What W. Martin, the translator, decided to do (according to the translator’s note) is to “render the story—which is as universal as it is local—into a contemporary, colloquial American idiom.” This is a mistake. At least if the book is going to be largely faithful, sentence to sentence, to Erich Kästner’s original, it’s a mistake, because then you have horse-drawn streetcars and bowler hats and a boy with a bicycle horn saying “Dude, that’s so awesome!” (p. 79) Very disconcerting.
What makes it worse, though, is that W. Martin does not have a good ear for current American childhood lingo. So Gus says “Listen, this thing with the robber is cool. It’s awesome, actually! So unless you have a problem with it, I’d like to help out.” (p. 80)
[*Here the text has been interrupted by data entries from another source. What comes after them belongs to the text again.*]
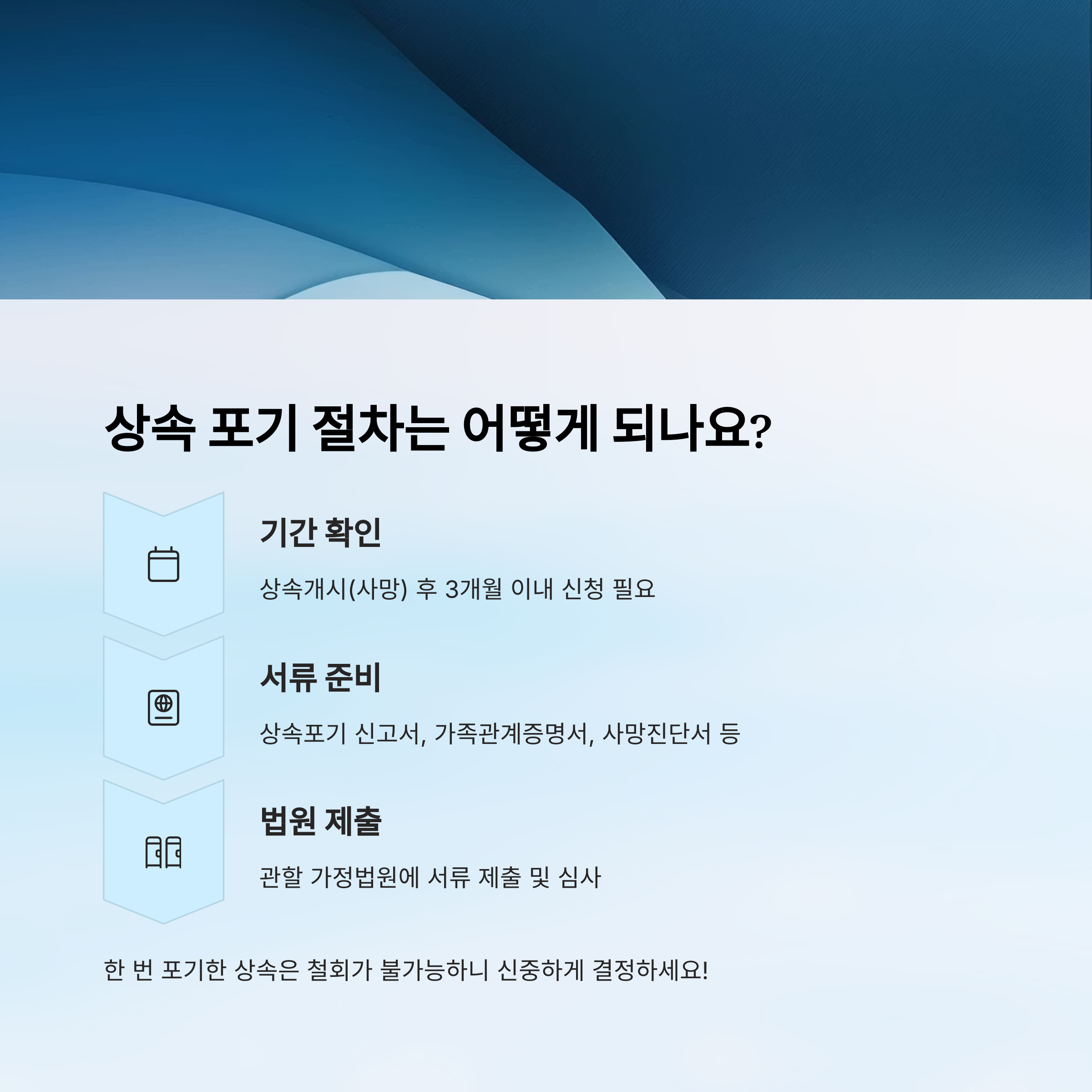 A1. 관할 가정법원에 상속포기 신고서를 제출해야 해요. 신청서와 함께 가족관계증명서, 사망진단서, 주민등록등본 등을 첨부해야 하고, 보통은 민원실에서 접수할 수 있어요.
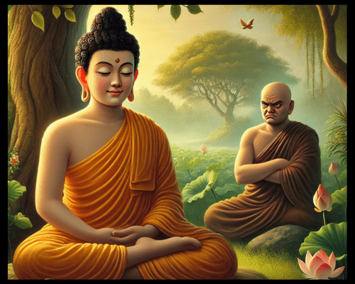 This is beautifully illustrated in the life of Devadatta, a cousin and former disciple of Lord Buddha. He is a historical example of someone whose jealousy toward his enlightened teacher led to complete spiritual ruin. Initially, he practiced spirituality under the Buddha, but later, Devadatta grew envious of His spiritual influence and attempted to harm Him and create a schism in the Sangha. He demanded that the Buddha retire and hand leadership over to him and proposed extreme ascetic rules to gain followers. Devadatta also attempted to murder the Buddha multiple times by releasing a wild elephant, dropping a boulder, etc.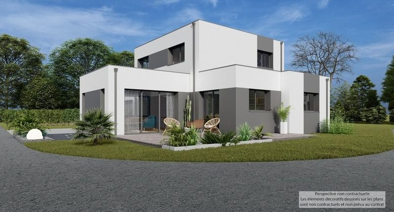Une maison à ossature bois enduite de type étage, d'une superficie généreuse de 124m². Cette maison en bois se distingue par son architecture moderne, avec une toiture de type toit plat, une tendance très en vogue dans le domaine de la construction contemporaine.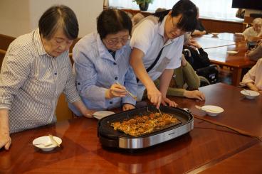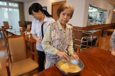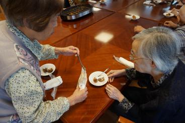 みなさま協力して、混ぜたり、焼いたり、おしゃべりしたりと、工程も楽しみながら焼き上げていきます。

Now, the old translation was clunky, too. Translating is hard. YHB once tried to translate a short play from German into English. Well, twice. First time, utter failure from beginning to end. Second time, utter failure from beginning to about two-thirds of the way through, which is where I gave up. So I don’t want to snark too nastily about W. Martin’s work. It’s not like it ruins the book, which is a terrific book. I’m glad the book is back in print in English, and even if I am cranky about the translation (and I am), I still would recommend the thing to all and sundry.
It’s awesome, actually!
Tolerabimus quod tolerare debemus,
-Vardibidian.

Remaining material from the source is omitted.